YOUR OBJECTIVE
Print the lines exactly. Start at the first line of the material below, end with the line that contains "紹介されている、「ラブプラス", and skip all pictures.
··· STORED DATA
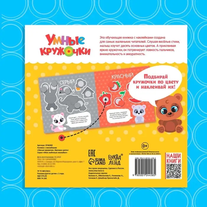 Книга с наклейками-кружочками создана для самых маленьких читателей. Приклеивая яркие кружочки, ребёнок узнает многое об окружающем его мире и потренирует ловкость пальчиков, внимательность и аккуратность.
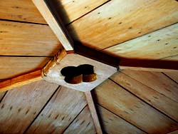 2月26日の続きです。主屋1階座敷の廊下の天井はです。明かりを取り入れる工夫がなされています。風呂ですが、その天井このようになっていて、その中心から水蒸気が拭けるようになっています。
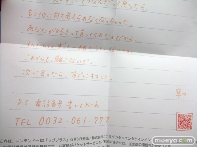 紹介されている、「ラブプラス」のコスプレさんのラブレター(プロモーションレター)を受け取りました!
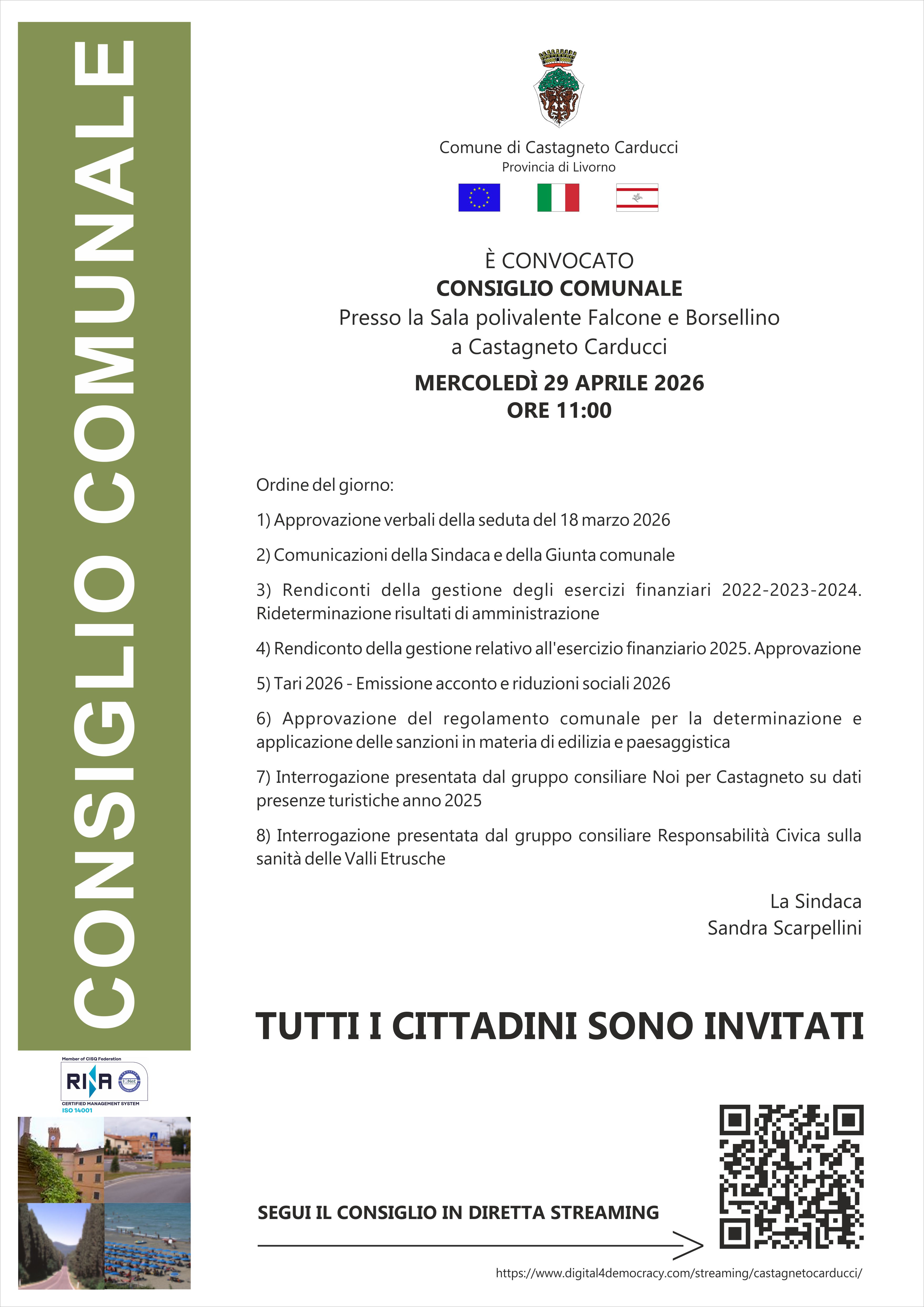 È convocato Consiglio Comunale presso la Sala Falcone e Borsellino a Castagneto Carducci per il giorno
······
RESULT OF THIS TASK
 Книга с наклейками-кружочками создана для самых маленьких читателей. Приклеивая яркие кружочки, ребёнок узнает многое об окружающем его мире и потренирует ловкость пальчиков, внимательность и аккуратность.
 2月26日の続きです。主屋1階座敷の廊下の天井はです。明かりを取り入れる工夫がなされています。風呂ですが、その天井このようになっていて、その中心から水蒸気が拭けるようになっています。
 紹介されている、「ラブプラス」のコスプレさんのラブレター(プロモーションレター)を受け取りました!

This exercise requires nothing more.